» Data below

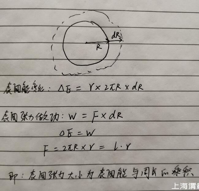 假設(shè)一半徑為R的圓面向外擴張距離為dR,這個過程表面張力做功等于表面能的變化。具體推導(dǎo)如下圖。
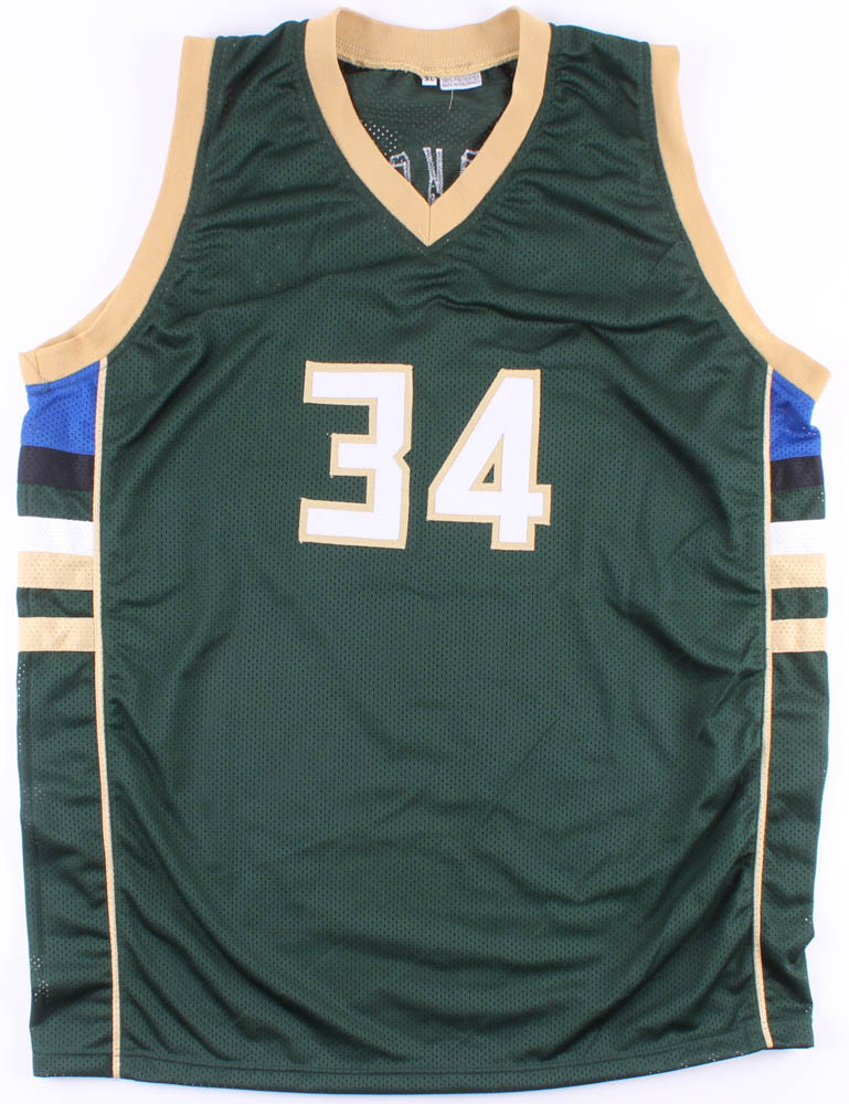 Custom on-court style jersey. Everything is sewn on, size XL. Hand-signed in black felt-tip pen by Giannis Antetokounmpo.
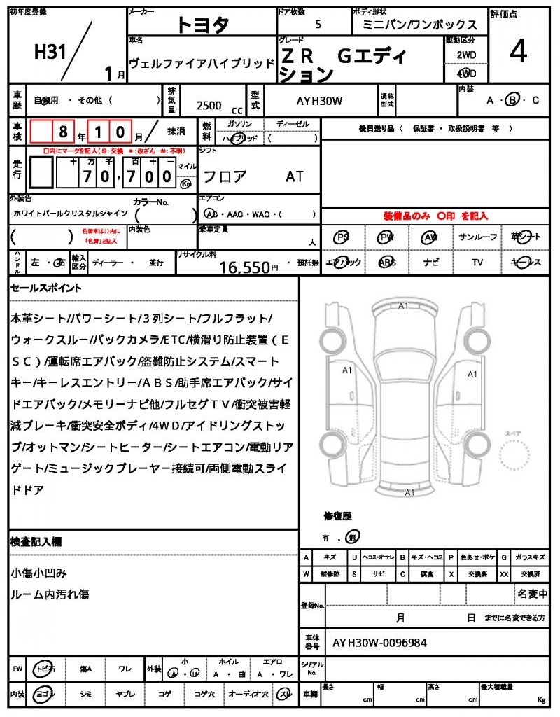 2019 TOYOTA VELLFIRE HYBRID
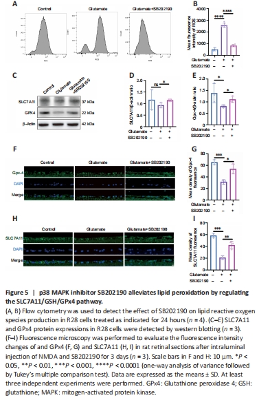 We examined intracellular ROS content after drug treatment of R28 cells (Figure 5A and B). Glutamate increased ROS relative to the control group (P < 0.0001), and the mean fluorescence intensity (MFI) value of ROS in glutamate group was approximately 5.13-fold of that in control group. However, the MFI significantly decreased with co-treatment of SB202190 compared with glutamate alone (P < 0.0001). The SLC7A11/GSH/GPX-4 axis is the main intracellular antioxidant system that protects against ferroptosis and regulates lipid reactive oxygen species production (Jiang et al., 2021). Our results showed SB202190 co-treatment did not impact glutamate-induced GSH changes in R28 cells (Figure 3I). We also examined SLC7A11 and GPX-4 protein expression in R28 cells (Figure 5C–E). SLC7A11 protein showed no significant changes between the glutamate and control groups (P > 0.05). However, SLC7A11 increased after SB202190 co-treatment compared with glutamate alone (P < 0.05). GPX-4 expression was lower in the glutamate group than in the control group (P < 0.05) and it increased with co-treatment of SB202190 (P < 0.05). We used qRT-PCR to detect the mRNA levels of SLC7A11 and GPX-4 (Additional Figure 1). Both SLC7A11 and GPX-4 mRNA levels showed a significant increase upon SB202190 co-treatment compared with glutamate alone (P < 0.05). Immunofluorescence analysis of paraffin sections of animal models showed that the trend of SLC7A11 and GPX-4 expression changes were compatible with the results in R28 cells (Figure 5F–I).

» Brief
Beginning with the line holding "Custom on-court style" in the material above, restate word for word each line through the line holding "2019 TOYOTA VELLFIRE HYBRID", and exclude pictures.

» Answer below
 Custom on-court style jersey. Everything is sewn on, size XL. Hand-signed in black felt-tip pen by Giannis Antetokounmpo.
 2019 TOYOTA VELLFIRE HYBRID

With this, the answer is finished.